Wissler feuerte volles Rohr zurück: „Die wirklich dramatischen Veränderungen werden wir erleben, wenn wir die Klimaschutzziele nicht einhalten!“ polterte sie. „Die Waldbrände! Die Dürren!“

„Panik!“ ätzte Brinkhaus „Angstmacherei!“

Kniffligster Spagat

Walter-Borjans spielte mal wieder gleichzeitig Regierung und Opposition: Die SPD habe „gemeinsam mit der Kanzlerin viele Leistungen erarbeitet“, lobte er. Trotzdem sei „in dieser Zeit das, was zu verändern war, zu lange aufgeschoben worden.“

Dabei klappte der SPD-Chef so weit vor, dass der Hemdenknopf vor seinem Nabel in Lebensgefahr gerät.

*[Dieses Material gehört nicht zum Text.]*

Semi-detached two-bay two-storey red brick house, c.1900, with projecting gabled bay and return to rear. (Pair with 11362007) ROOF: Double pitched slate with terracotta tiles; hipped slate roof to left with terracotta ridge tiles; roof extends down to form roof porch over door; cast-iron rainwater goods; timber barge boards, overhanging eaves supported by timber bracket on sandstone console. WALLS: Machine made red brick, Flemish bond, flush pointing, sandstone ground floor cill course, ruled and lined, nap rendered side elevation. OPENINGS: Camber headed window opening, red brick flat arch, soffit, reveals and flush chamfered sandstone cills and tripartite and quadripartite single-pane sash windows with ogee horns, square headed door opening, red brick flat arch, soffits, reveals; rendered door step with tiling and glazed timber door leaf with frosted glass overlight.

Olaf Scholz sei der Mann, „der Zukunft und Gegenwart zusammenbringt“, lobte er seinen Kandidaten.

Und noch mal Zoff

Die New York Times sagt, er ist so langweilig“, stöhnte Will.

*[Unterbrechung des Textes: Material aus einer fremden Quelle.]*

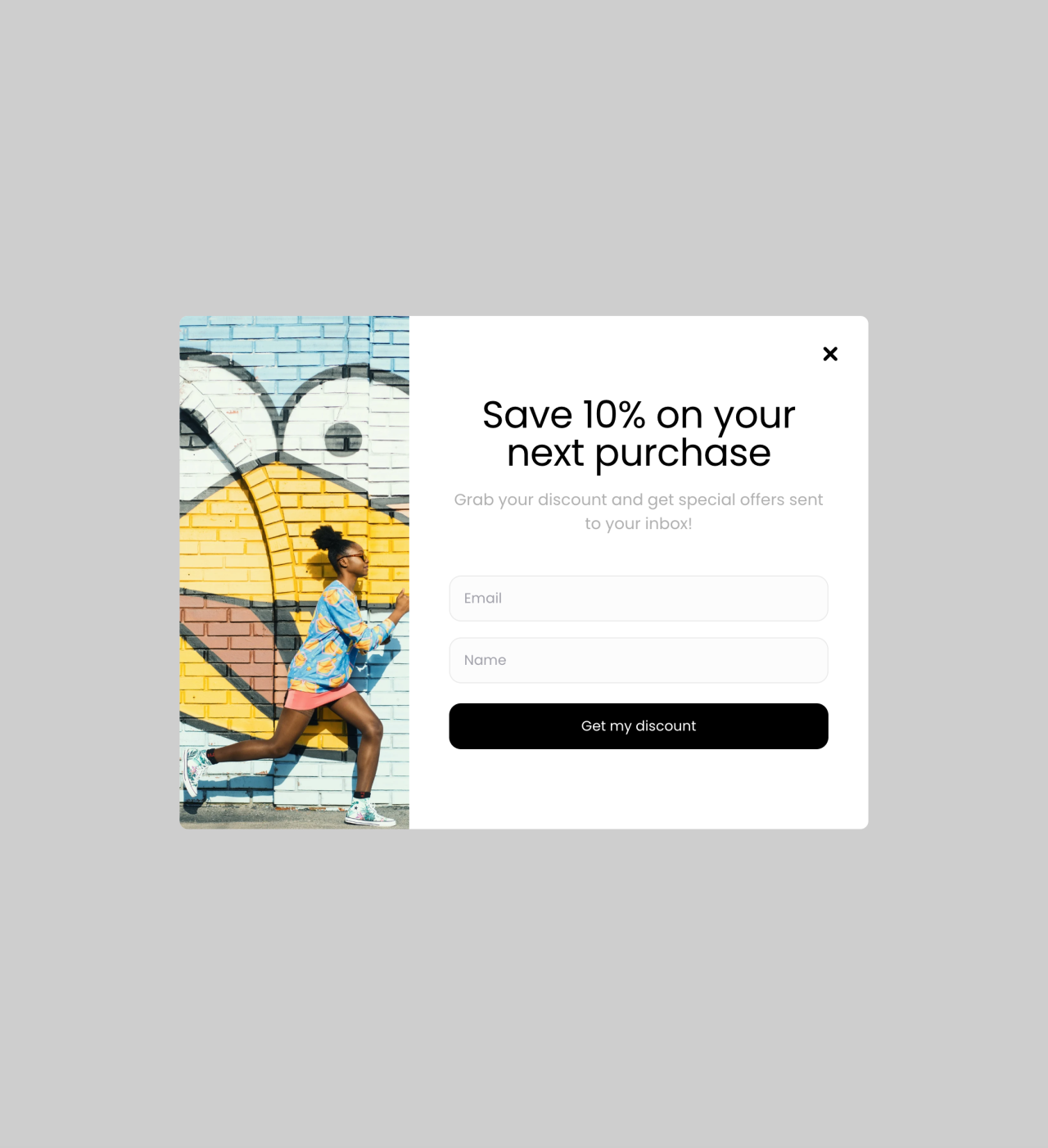 Check out this next purchase pop-up template. Browse through our pop-up template gallery, get inspired and start creating your own MailerLite pop-ups today.

„95 Prozent der Menschen wollen wir von der Steuer entlasten!“ versprach Walter Borjans.

„Hütchenspielertrick!“ schimpfte Chrupalla. „Typisch SPD!“

Entlarvendstes Zitat

Will nahm sich Wissler zur Brust: „Sie waren 20 Jahre lang Mitglied im ‚Trotzkistischen Netzwerk‘, das mittlerweile ‚Marx 21‘ heißt und sich der Überwindung des Kapitalismus verschrieben hat“, hielt sie der Linken vor.

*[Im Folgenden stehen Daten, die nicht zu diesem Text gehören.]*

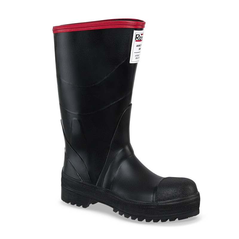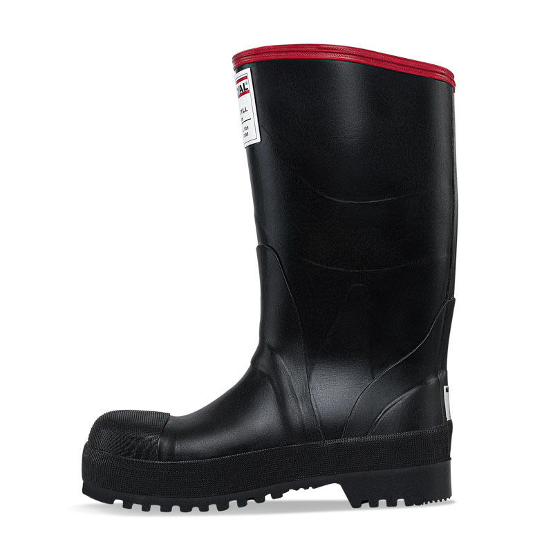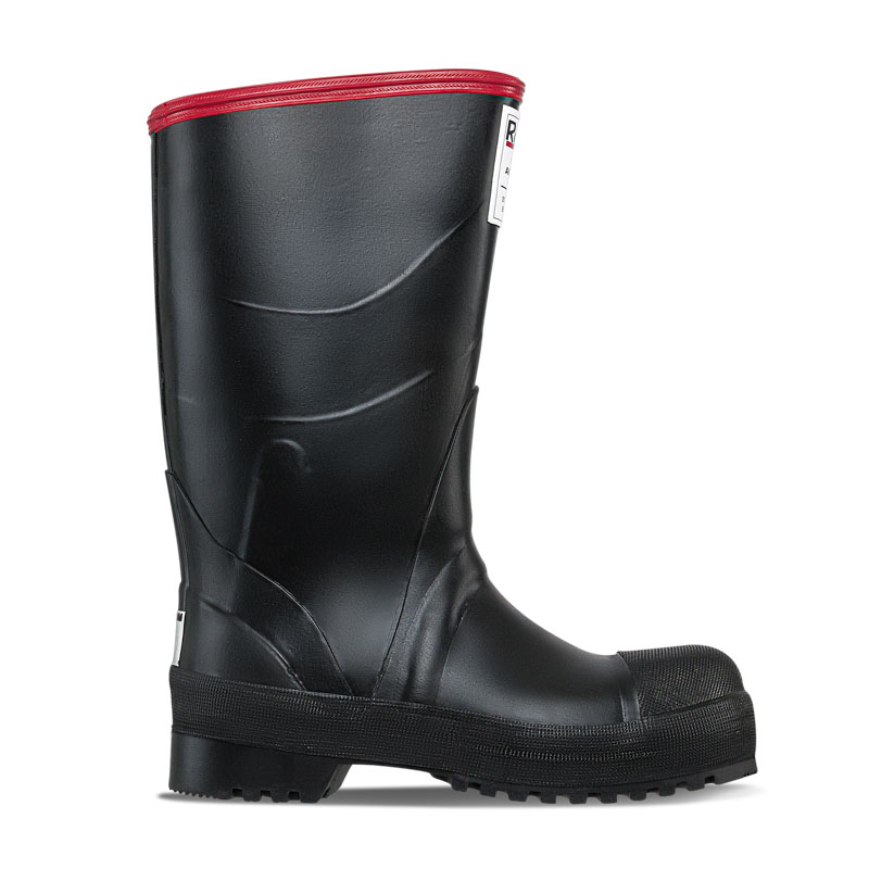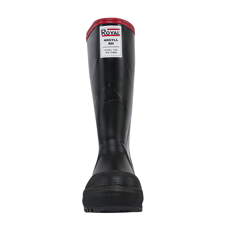 Las botas Royal Argyll RH STM S.M son botas de seguridad 100% impermeables. Están fabricadas en caucho vulcanizado en autoclave de manera manual, pieza por pieza. Así mismo, son botas de caucho para uso industrial, fabricadas bajo los requerimientos de la norma NTC 1741. La caña y capellada son resistentes al derrame de hidrocarburos y derivados del petróleo. Su suela en caucho moldeado, antideslizante, resistente a la abrasión y a los hidrocarburos. Cuenta con una entresuela en acero, en cumplimiento con la norma EN 12568 y que resiste una fuerza de punción mínima de 1.100N o 247lbf. Tiene un forro interno 100 % en algodón y una plantilla confort elaborada en poliuretano (PU) extraíble, con surcos de ventilación que mantienen el pie fresco y facilitan la limpieza de la bota y la plantilla. Tiene una plantilla con alto grado de memoria que retorna a su forma original. Es de caña negra con suela negra y distintivos rojos.

Nach einem Text auf der Website könne es, so die Talkmasterin weiter, eine gerechtere Welt nur geben, „wenn die unterdrückten Klassen sich den gesellschaftlichen Reichtum kollektiv aneignen und die Produktionsmittel ihrer demokratischen Kontrolle unterstellen.“ Uff!

Flaueste Ausrede

Wichtigster Satz aus „Marx 21“: „Die Linke kann das Kapital schlagen, wenn Massenbewegungen bereit und in der Lage sind, die herrschende Klasse zu enteignen und den bestehenden undemokratischen Staatsapparat durch Organe der direkten Demokratie zu ersetzen.“

Und was sagte Wissler dazu? „In der Geschichte wäre vieles nicht erreicht worden, wenn es nicht Massenbewegungen gegeben hätte“, erklärte sie trotzig.

Dann schaltete sie aber doch einen Gang zurück: „Ich bin als Vorsitzende der Partei ‚Die Linke‘ hier und stehe hinter dem, was im Programm der Linken steht.“ Halleluja!

Dialog des Abends

Die SPD steht ganz klar auf dem Boden der Marktwirtschaft“, behauptete Walter-Borjans. „Es muss aber einen Rahmen geben, weil sich etwas ändern muss, was sich allein aus unternehmerischer Tätigkeit nicht ergibt.“

„Dann gibt es also doch keine Koalition?“ forschte Brinkhaus nach.

„Dann können Sie doch ein bisschen aufatmen, Herr Brinkhaus“, spottet Chrupalla.

Abruptester Schluss

Der SPD-Chef wehrte sich nach Kräften: „Wir lassen uns nicht jetzt schon von Ihnen, der Sie unter hohem Druck stehen und nicht wissen, wie sie weitermachen sollen…“

Doch Brinkhaus ließ nicht locker: „Warum werden Sie dann immer so nervös, wenn ich über Koalitionen rede?“ spottet der Fraktionschef. „Irgendwie brauchen wir noch einen Dritten mit, für den Skat!“

„Ich stehe auch unter hohem Druck, nämlich unter Zeitdruck“, bekannte die Talkmasterin. Brinkhaus und Walter Borjans zofften sich trotzdem weiter, und weil Will „die Herren nicht gestoppt bekommt“, drehte die Regie den Ton ab.

Fazit

Konfuse Kneipenparolen, neblige Wendungen und verpeilte Argumente, aber auch gesunde Attacken mit klaren Kanten: Das war ein Talk der Kategorie „Hauen und Stechen“.